El pasado 30 de octubre se presentó en la Librería Ars de Zaragoza el último libro de la teóloga aragonesa Cristina Inogés, con el sello de la editorial PPC, sobre la presencia femenina en la vida y la obra del monje trapense y escritor Thomas Merton (1915-1968). Merton es uno de los grandes referentes espirituales de nuestro tiempo, cuya capacidad de diálogo y apertura a Dios fue puesta expresamente de relieve por el Papa Francisco, en su discurso ante el Congreso estadounidense en 2015, como una de las grandes aportaciones a la construcción de la ciudadanía (junto a D. Day, A. Lincoln y M. L. King).
El libro lleva por título La sinfonía femenina (incompleta) de Thomas Merton, que inevitablemente evoca la sinfonía en si menor de Franz Schubert, llamada precisamente “la inacabada” o “incompleta” por constar únicamente de dos movimientos. Hay quienes dicen, sin embargo, que la “sinfonía incompleta” es la obra más “acabada”, o la mejor, del compositor austriaco. Y quizás algo de eso también podríamos pensar de Merton: lo más perfecto parece reposar en su radical imperfección.
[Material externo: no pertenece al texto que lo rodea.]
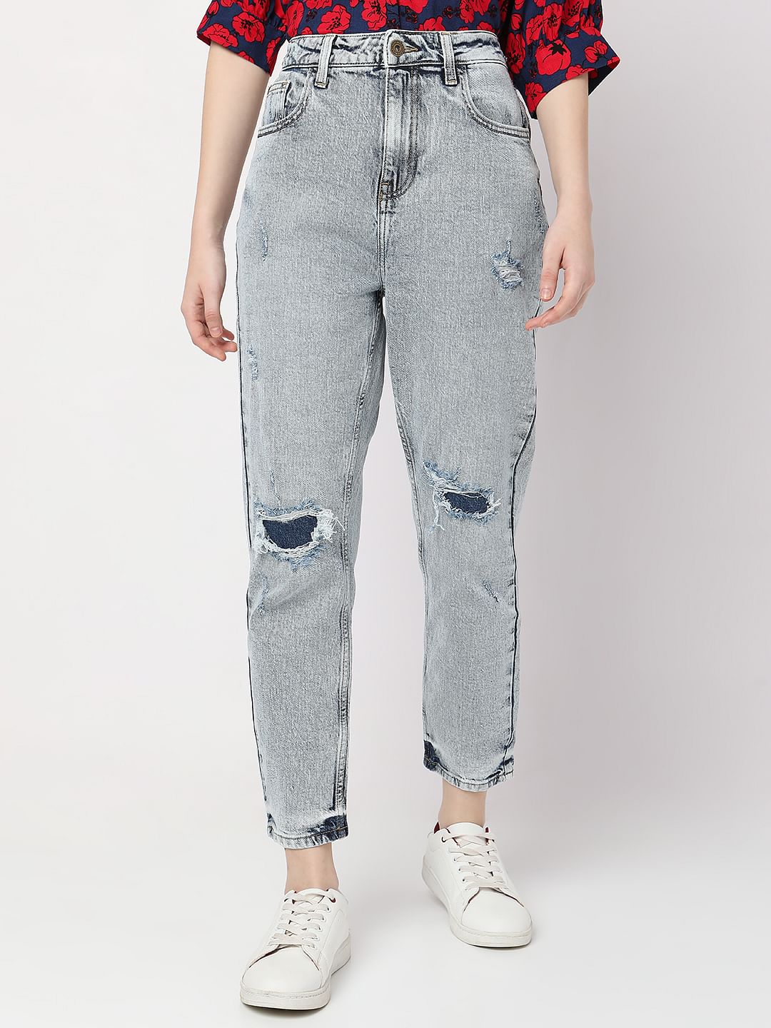 Blue High Rise Distressed Mom Fit Jeans
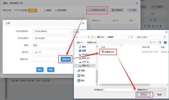 点击“新增或补充图纸”按钮,如下图所示上传图纸或参考资料:
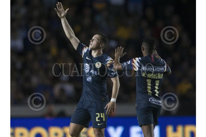 MONTERREY, NUEVO LEÓN, 01DICIEMBRE2019.- Guido Rodríguez del equipo del América, celebra el gol, ante los Tigres de la UANL, en el estadio Universitario, partido de vuelta en cuartos de final de la Liguilla MX, Apertura 2019. Marcador Final: Tigres: 2 - América: 4 Marcador Global: Tigres: 4 - América: 5 FOTO: GABRIELA PÉREZ MONTIEL /CUARTOSCURO.COM
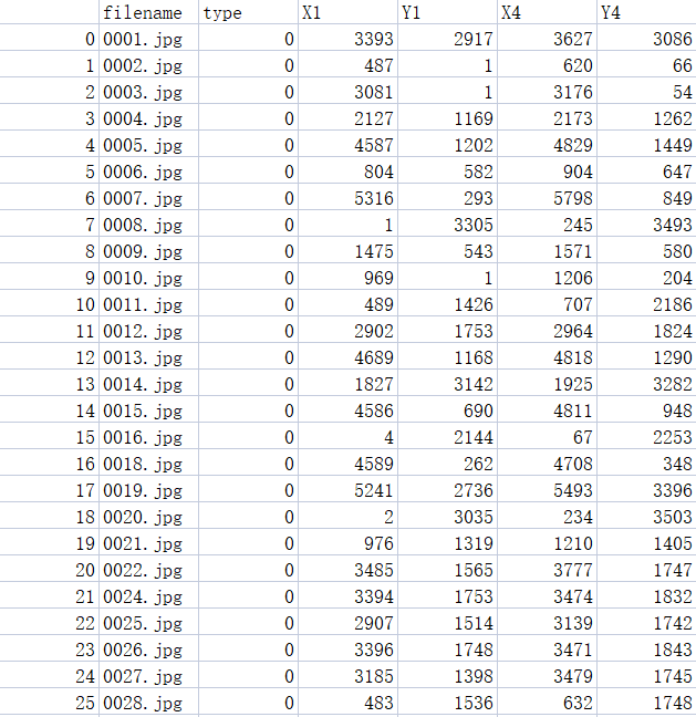 import pandas as pddata = pd.read_csv('训练集标注.csv',header = None)data_t = data.fillna(0)res = data_t[[0,1,2,3,4,5]]it = 6while it<data_t.shape[1]-4:tmp = data_t[[0,it,it+1,it+2,it+3,it+4]]#ret = pd.DataFrame()ret = []for i in range(data_t.shape[0]):if tmp.loc[i][[it,it+1,it+2,it+3,it+4]].sum()!=0:#ret = pd.concat([ret,pd.DataFrame(tmp.loc[i][[0,it,it+1,it+2,it+3,it+4]].values)],1)#print(tmp.loc[i][[0,it,it+1,it+2,it+3,it+4]].values)ret.append(tmp.loc[i][[0,it,it+1,it+2,it+3,it+4]].values)#print(it,it+1,it+2,it+3,it+4)it+=5ret = pd.DataFrame(ret)res = pd.concat([res,ret],0)#print(pd.DataFrame(ret))res.columns = ['filename','type','X1','Y1','X4','Y4']res.index = np.arange(res.shape[0])#重建索引res.to_csv('flag.csv')
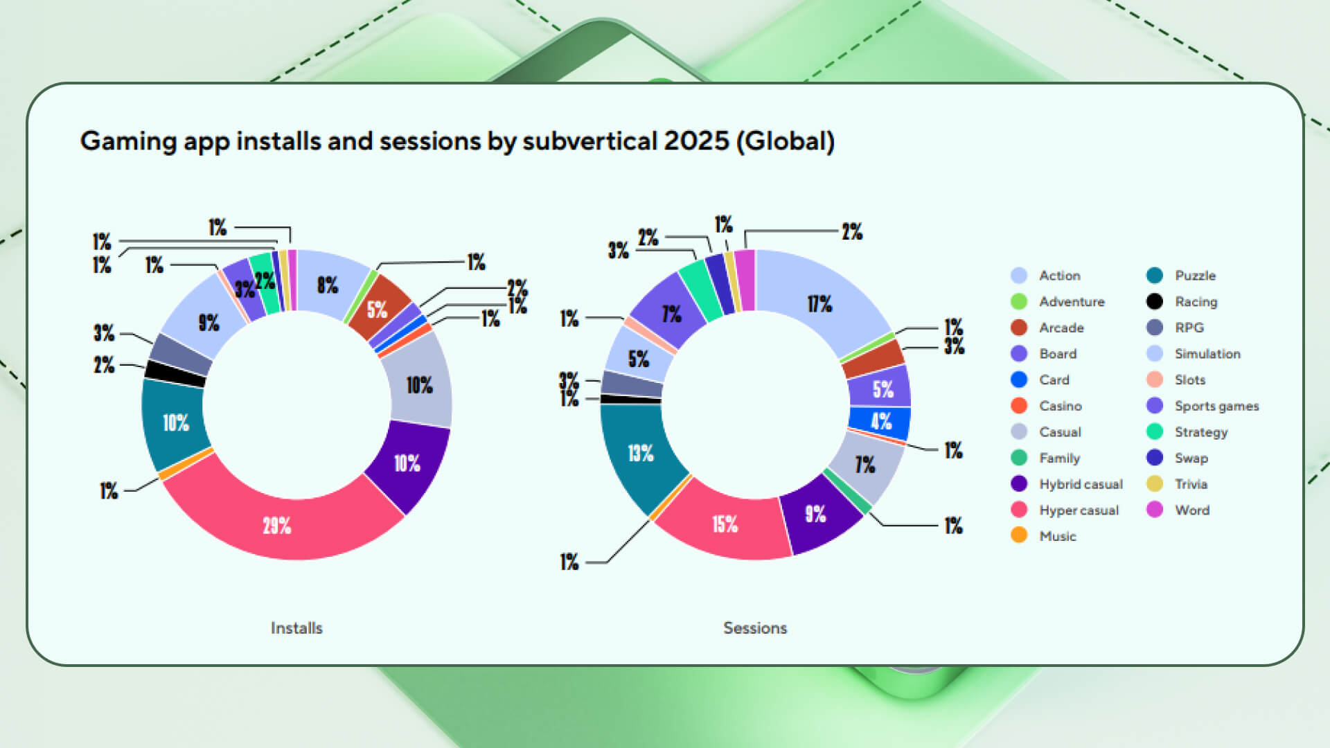 En 2025, los juegos hipercasuales ocuparon la mayor proporción de instalaciones en el mundo, con un 29,1 %. Estos son juegos con la jugabilidad y el diseño más simples posibles. No requieren entrenamiento y se inician instantáneamente.
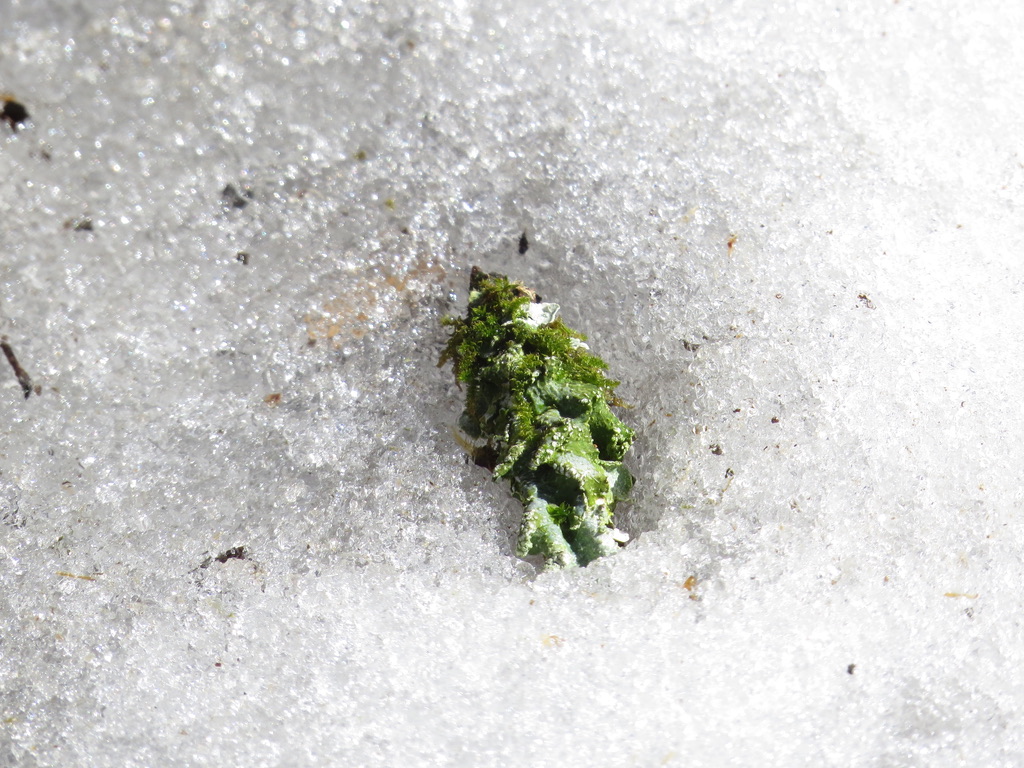 Most hikes, I am looking up, scanning for birds or other unidentified tiny fliers, but if the snow is deep underfoot, my eyes tend toward the ground directly ahead. I’m not as steady as I used to be and find each year brings less willingness to fall; more caution and dependence upon, not one, but two sturdy walking poles. What lies beneath could twist an ankle or cause a slip, maybe a slide, so I look down, and before I know it, am distracted by the beauty at my feet and thoughts of personal calamity fade – for little while.
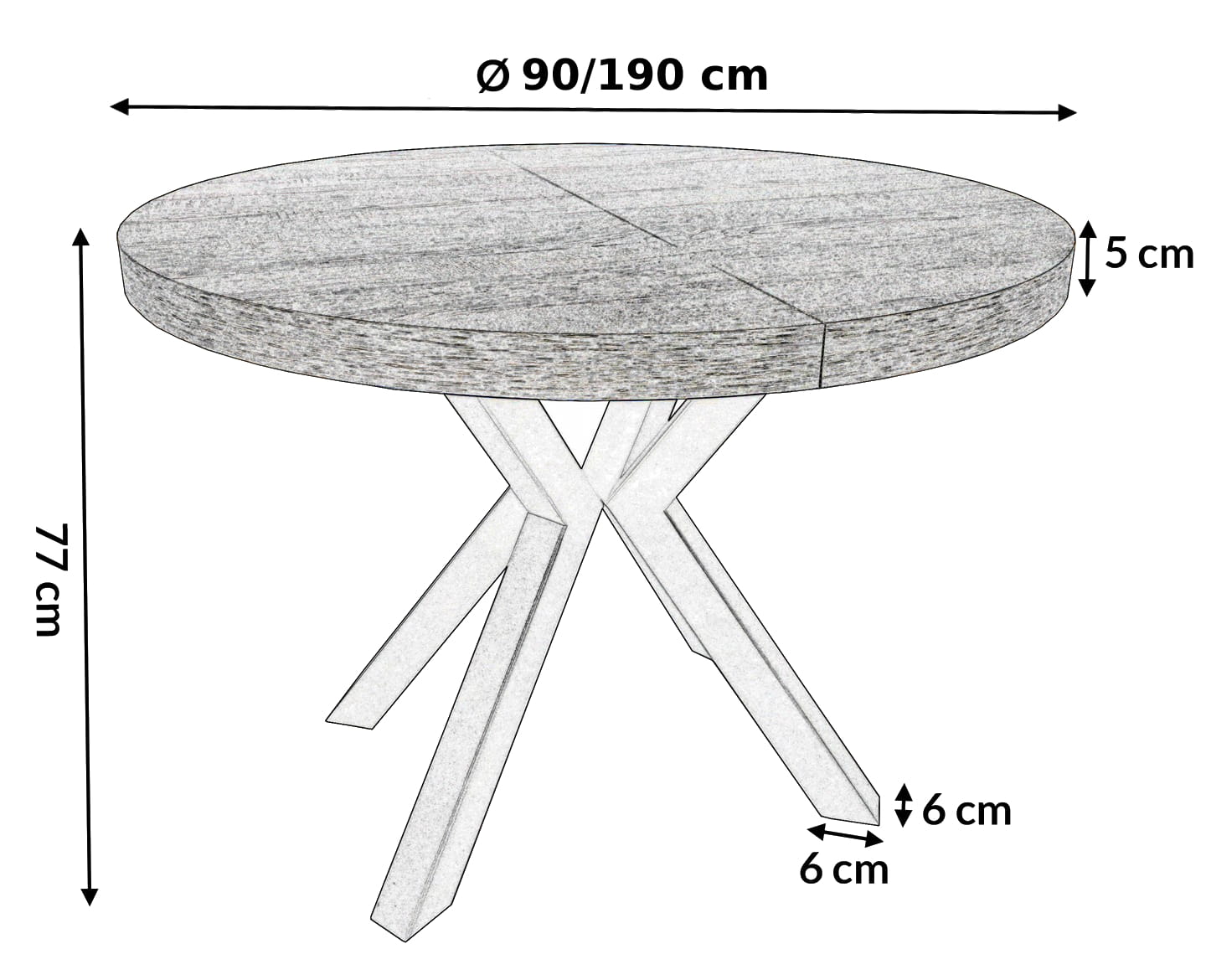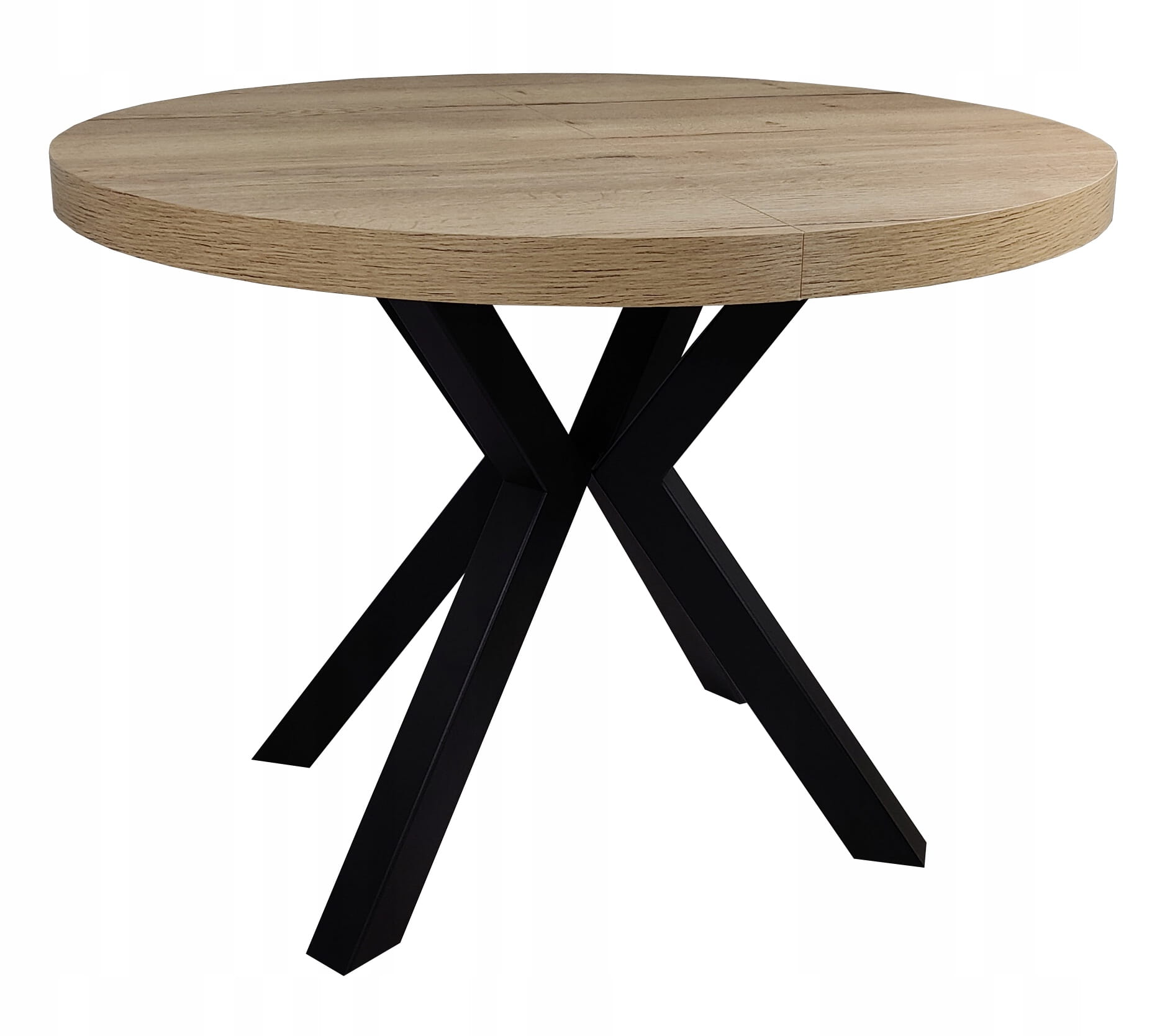 Stół okrągły rozkładany Ø 90/190 dąb halifax egger + czarne nogi metal X

Y el libro de Inogés capta y comunica —“a la perfección”, iba a escribir— esa incomplétude, término que en francés se utiliza para referirse a la insatisfacción de quien siente no haberse realizado de un modo pleno.
Esa manera abierta de acercarse a Merton es posiblemente la única de poder aproximarse en profundidad a alguien tan contradictorio o paradójico como él (él mismo dijo que vivió bajo el signo de Jonás, “dentro del vientre de una paradoja”): alguien que no puede parar de hablar o escribir para ahondar en el silencio, un ermitaño radicalmente sociable, un religioso activo en la contemplación, un innovador apegado a la tradición, ¡un monje que ríe como un novicio!…
Todo en la vida de Merton —o casi todo, diríamos, para ser fieles a esa incompletud— parece inacabado, inconcluso o interrumpido, y más que todo lo femenino y la relación con las mujeres: la relación con su familia y especialmente su madre, su carácter apátrida, sus conflictos en la orden, su relación con M… hasta su accidental forma de morir, casi cómica, temprana, absurda. Y en parte, ahí posiblemente radica la “gracia” del asunto (con mayúscula y sin ella): lo incompleto, precisamente por ser inacabado, no termina nunca. O dicho con otras palabras: el Amor, ahora sí con mayúscula, parece necesitar de esa incompletud para manifestarse. Porque no es el deseo quien provoca la insatisfacción sino al revés, es la insatisfacción la que hace nacer el deseo.
En el bello prólogo que el poeta Julio García Caparrós ha escrito para el libro, éste recoge una cita del propio Merton en la que se subraya el carácter dinámico y libre de la vida espiritual: “El significado de nuestra vida —dice Merton en Amar y vivir— es un secreto que nos tiene que ser revelado con el amor por el ser que amamos. Y si ese amor no es real, el secreto no será encontrado, el significado nunca se revelará por sí mismo, el mensaje nunca será descodificado”.
Al leer esas palabras, recordé de inmediato una expresión del poeta Christian Bobin —a quien Cristina Inogés también ha convocado a menudo en las páginas de su libro. “El amor —escribe Bobin en Le Très-Bas—es pérdida más que plenitud. El amor es la plenitud de lo que falta”. Es decir, es la plenitud de lo incompleto. Se realiza y perfecciona en lo inestable, lo provisional, lo imperfecto. Solo la fragilidad es digna de amor, decía S. Weil. Se gana cuando se pierde.
O como escribía el propio Merton (Oh corazón ardiente. Poemas de amor y disidencia,): “El amor total no llega a cristalizarse / hasta que no es consciente de su fragilidad (…) / el amor triunfa / porque es un mal negocio / y lo pierde todo, / no puede nacer el amor / hasta que los dos amantes / se hayan arruinado” .
Y de la pérdida y la insatisfacción, de la incompletud, puede nacer la oración. Algo así pasa con el libro de Cristina Inogés. Hay libros cerrados, herméticos, que aleccionan, y libros abiertos, que estimulan; hay libros llenos de respuestas y los hay que recogen preguntas; hay libros hechos para ser estudiados y diseccionados, y libros —como este— para ser leídos, saboreados y gustados. Eso es lo propio de los buenos libros: que no sacian la sed, sino que la provocan.